**Try it:** Without copying any picture, transcribe exactly the lines of the data below from the one containing "Majorette Volvo Betonmischer: Auf" through the one containing "Produkt: Designer-Baumwollstoff Snow".

**Supplied information:**
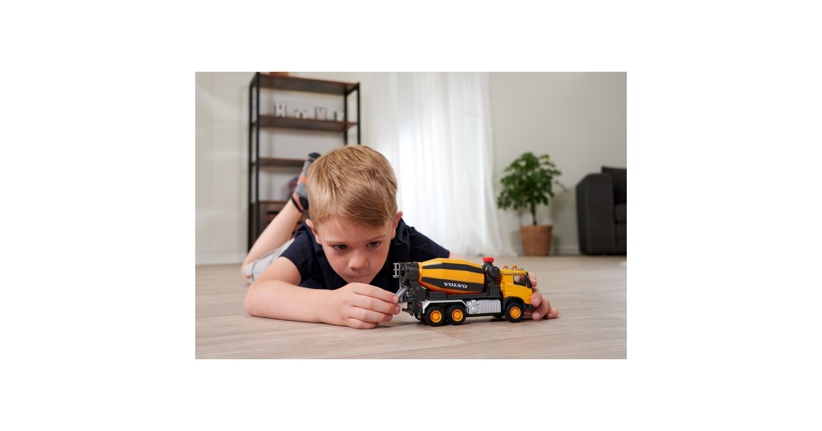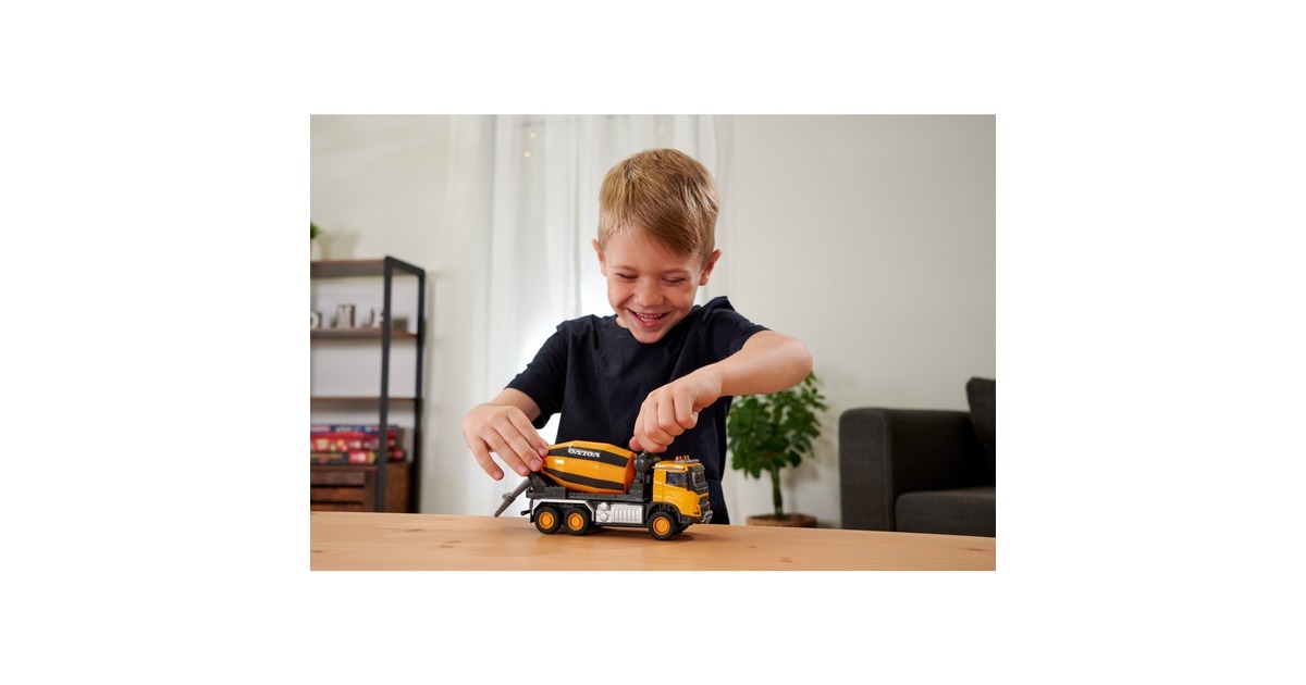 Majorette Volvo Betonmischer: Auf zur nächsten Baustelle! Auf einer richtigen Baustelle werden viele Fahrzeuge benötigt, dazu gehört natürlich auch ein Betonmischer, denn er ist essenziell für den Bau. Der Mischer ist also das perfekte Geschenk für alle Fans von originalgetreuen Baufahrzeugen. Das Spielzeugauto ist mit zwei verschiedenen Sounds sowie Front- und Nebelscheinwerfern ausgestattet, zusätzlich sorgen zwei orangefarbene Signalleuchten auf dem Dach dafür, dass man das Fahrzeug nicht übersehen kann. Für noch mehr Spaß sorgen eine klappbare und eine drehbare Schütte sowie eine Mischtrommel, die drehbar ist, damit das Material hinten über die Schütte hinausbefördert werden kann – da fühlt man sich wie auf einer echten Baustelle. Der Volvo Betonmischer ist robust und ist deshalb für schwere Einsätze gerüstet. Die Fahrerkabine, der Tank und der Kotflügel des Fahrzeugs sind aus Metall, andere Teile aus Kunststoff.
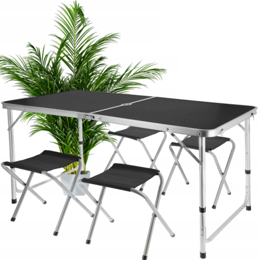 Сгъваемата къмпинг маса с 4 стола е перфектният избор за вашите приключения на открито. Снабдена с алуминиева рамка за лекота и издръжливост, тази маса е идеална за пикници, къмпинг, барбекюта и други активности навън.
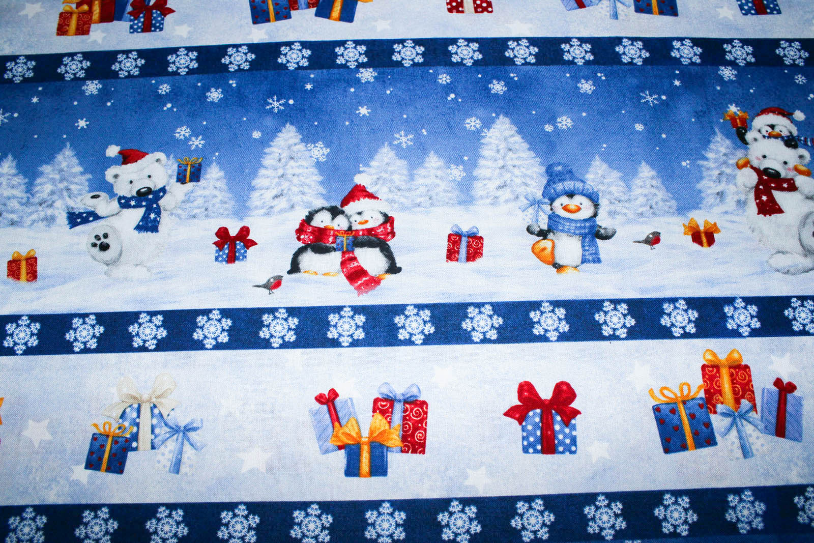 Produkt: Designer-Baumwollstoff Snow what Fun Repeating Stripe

==

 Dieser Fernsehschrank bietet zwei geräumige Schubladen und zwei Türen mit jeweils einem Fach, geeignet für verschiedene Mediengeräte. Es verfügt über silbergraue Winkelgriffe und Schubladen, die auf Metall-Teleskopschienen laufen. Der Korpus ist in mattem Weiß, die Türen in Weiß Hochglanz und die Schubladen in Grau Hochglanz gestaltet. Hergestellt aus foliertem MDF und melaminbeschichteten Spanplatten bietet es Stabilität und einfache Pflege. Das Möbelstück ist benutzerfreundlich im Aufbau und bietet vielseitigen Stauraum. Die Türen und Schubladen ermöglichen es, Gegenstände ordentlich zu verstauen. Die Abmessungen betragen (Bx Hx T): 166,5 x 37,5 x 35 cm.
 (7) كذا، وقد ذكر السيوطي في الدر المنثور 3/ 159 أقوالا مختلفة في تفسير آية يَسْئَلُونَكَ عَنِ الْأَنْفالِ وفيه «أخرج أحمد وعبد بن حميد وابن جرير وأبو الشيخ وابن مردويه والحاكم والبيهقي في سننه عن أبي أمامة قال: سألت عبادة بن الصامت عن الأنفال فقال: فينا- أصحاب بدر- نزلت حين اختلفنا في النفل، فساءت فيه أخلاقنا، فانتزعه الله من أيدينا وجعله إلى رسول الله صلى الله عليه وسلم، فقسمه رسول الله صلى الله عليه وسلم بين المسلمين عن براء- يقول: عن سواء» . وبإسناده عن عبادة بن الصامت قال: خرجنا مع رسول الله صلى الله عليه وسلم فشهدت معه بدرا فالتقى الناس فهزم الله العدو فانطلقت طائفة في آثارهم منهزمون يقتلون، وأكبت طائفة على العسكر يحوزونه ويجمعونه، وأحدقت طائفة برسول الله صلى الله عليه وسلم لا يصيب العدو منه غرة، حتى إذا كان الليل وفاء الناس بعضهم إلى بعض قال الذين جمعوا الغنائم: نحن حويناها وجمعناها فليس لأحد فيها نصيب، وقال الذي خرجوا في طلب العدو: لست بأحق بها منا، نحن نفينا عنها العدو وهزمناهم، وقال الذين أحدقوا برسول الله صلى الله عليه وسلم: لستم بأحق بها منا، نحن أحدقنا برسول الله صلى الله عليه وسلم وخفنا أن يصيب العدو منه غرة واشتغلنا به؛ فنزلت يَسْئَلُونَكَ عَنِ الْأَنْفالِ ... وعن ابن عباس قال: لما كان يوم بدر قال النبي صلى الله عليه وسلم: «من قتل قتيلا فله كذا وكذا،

--

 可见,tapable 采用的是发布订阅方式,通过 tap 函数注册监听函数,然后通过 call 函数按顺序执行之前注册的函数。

**Exercise solution:**
 Majorette Volvo Betonmischer: Auf zur nächsten Baustelle! Auf einer richtigen Baustelle werden viele Fahrzeuge benötigt, dazu gehört natürlich auch ein Betonmischer, denn er ist essenziell für den Bau. Der Mischer ist also das perfekte Geschenk für alle Fans von originalgetreuen Baufahrzeugen. Das Spielzeugauto ist mit zwei verschiedenen Sounds sowie Front- und Nebelscheinwerfern ausgestattet, zusätzlich sorgen zwei orangefarbene Signalleuchten auf dem Dach dafür, dass man das Fahrzeug nicht übersehen kann. Für noch mehr Spaß sorgen eine klappbare und eine drehbare Schütte sowie eine Mischtrommel, die drehbar ist, damit das Material hinten über die Schütte hinausbefördert werden kann – da fühlt man sich wie auf einer echten Baustelle. Der Volvo Betonmischer ist robust und ist deshalb für schwere Einsätze gerüstet. Die Fahrerkabine, der Tank und der Kotflügel des Fahrzeugs sind aus Metall, andere Teile aus Kunststoff.
 Сгъваемата къмпинг маса с 4 стола е перфектният избор за вашите приключения на открито. Снабдена с алуминиева рамка за лекота и издръжливост, тази маса е идеална за пикници, къмпинг, барбекюта и други активности навън.
 Produkt: Designer-Baumwollstoff Snow what Fun Repeating Stripe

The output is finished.